ANSON: I only really work in short form projects like webseries, PSA’s, and commercials but I’ve also helped produce a feature doc and experienced a few feature films being made. So age and experience is still brewing in this artist. But what I have learned from my short experience is that you are faced with issues of art vs. money, or in my current case, Youtube views. The world is changing where a girl is talking into a webcam twice a week becomes more popular and money making than a well directed and produced short film. Maybe its a good thing that I don’t start my own talk show sitting on the toilet every morning and giving the news (hmm that’s a great idea). But I do hope I can create more videos/films that people can appreciate both today and twenty years later because of the vision and message I try to convey.
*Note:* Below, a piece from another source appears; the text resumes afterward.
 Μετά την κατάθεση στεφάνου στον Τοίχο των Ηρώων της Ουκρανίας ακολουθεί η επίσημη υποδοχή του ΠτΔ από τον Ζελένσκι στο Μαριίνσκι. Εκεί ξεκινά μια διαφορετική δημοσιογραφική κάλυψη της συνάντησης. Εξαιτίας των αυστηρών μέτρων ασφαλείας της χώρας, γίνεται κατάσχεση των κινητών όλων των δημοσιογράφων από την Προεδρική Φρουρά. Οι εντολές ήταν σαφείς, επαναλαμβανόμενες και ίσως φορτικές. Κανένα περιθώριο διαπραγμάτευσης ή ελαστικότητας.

IRIS: I know I’m getting old, because I keep thinking, “They just don’t make ‘em like they used to.” I look at the YouTube fare and I feel like Clint Eastwood’s character in Gran Torino. “Get off my lawn, kids!”
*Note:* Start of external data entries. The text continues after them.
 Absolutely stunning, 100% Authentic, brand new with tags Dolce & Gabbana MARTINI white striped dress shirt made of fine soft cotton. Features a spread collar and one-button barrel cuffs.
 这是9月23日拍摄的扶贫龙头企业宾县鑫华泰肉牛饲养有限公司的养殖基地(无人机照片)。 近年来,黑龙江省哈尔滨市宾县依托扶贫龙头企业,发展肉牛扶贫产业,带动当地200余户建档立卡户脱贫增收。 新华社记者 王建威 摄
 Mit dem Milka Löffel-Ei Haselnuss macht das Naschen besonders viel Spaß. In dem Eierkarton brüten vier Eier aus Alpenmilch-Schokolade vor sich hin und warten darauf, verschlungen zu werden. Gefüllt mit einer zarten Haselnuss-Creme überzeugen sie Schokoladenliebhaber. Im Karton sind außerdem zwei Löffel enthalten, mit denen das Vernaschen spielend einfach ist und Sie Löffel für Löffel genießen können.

ALFREDO: It’s a trade off. The buoyancy, the lack of second guessing, the naive optimism, the having fun of it all – of youth – fade away. In its place you get a degree of skill and competence that feels effortless: Malcolm Gladwell’s “10,000 hour” rule of becoming good at something. There’s almost nothing of mine I’ve written, though, whether a week ago or 20 years ago, that I don’t think, “Ooh, shit, is it too late to tweak that?” But, on balance, the more I put in toward that 10k, the less I cringe. And with any artistic endeavor, there’s the all important “x factor:” no matter how much or how little experience you have, sometimes you hit the bullseye, sometimes you don’t.
DAVID: My goal is to be the oldest director to win the Academy Award. I’ll just make my movie now and wait til I’m in my death bed to release it. How can the Academy not nominate and vote for a story like that? Dream on!
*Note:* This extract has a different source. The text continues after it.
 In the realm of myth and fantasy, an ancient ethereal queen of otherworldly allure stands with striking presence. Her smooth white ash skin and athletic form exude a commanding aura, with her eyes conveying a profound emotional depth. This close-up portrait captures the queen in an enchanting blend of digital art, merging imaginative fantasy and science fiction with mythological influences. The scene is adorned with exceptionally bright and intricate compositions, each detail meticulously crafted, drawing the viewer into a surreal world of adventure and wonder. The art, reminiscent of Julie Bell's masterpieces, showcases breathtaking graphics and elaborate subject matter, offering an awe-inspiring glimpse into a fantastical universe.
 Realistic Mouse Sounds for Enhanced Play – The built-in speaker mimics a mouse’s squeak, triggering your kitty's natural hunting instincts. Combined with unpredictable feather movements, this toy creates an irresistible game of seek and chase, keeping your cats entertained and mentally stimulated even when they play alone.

I’ve been there so many times comparing myself to other successful people in the business and seeing what age they’re at to make sure I’m up to par. I stopped that thinking at like age 35 and just did what I like doing and it feels good.
BEVERLY: Although I stopped acting about 2 years ago, I will say, I agree with Roger saying that the industry is not nice to women as we age. And I must say, I resented the business for telling me to lie about my age because I find the last few years as AMAZING. Alfredo is right, there is less buoyancy, but but but!!!! There is something wonderful about reading a script as an older adult and seeing the nuances better. Life itself becomes more nuanced. When I was younger there was so much black and white to everything. Now everything is actually really beautiful in various shades of tones and all things inbetween.
Since I’m no longer in the artistic world, I will say this: I truly enjoy artistic endeavors made by people who don’t try to be younger to attract a younger audience than they are. I look for voices echoing the challenges I face now…and there are few who do write about that. And maybe less that actually get greenlit by major studios. So sad, as I find my life as an older female incredibly fantastic. At least we will always have sexy french films to celebrate us.
EMMIE: As an older person, it’s nice to have a climb behind you (the career/technical climb). You feel like you’ve put in time & effort, and achieved something (that said, I’m starting some new projects and have giant super-steep hills facing me! but it’ll be fun).
My perspective towards art in general has changed a bit. I still think it’s amazingly important to spend your life working on projects you believe in, but now I appreciate relationships and non-work stuff way more than I did when I was young.
It seems that doing art always keeps you feeling young in a sense – enthusiastic, optimistic, hopeful, intrigued, experimental, etc. I do notice, though, that I’m now more aware of the time & energy it will take to get through new learning curves.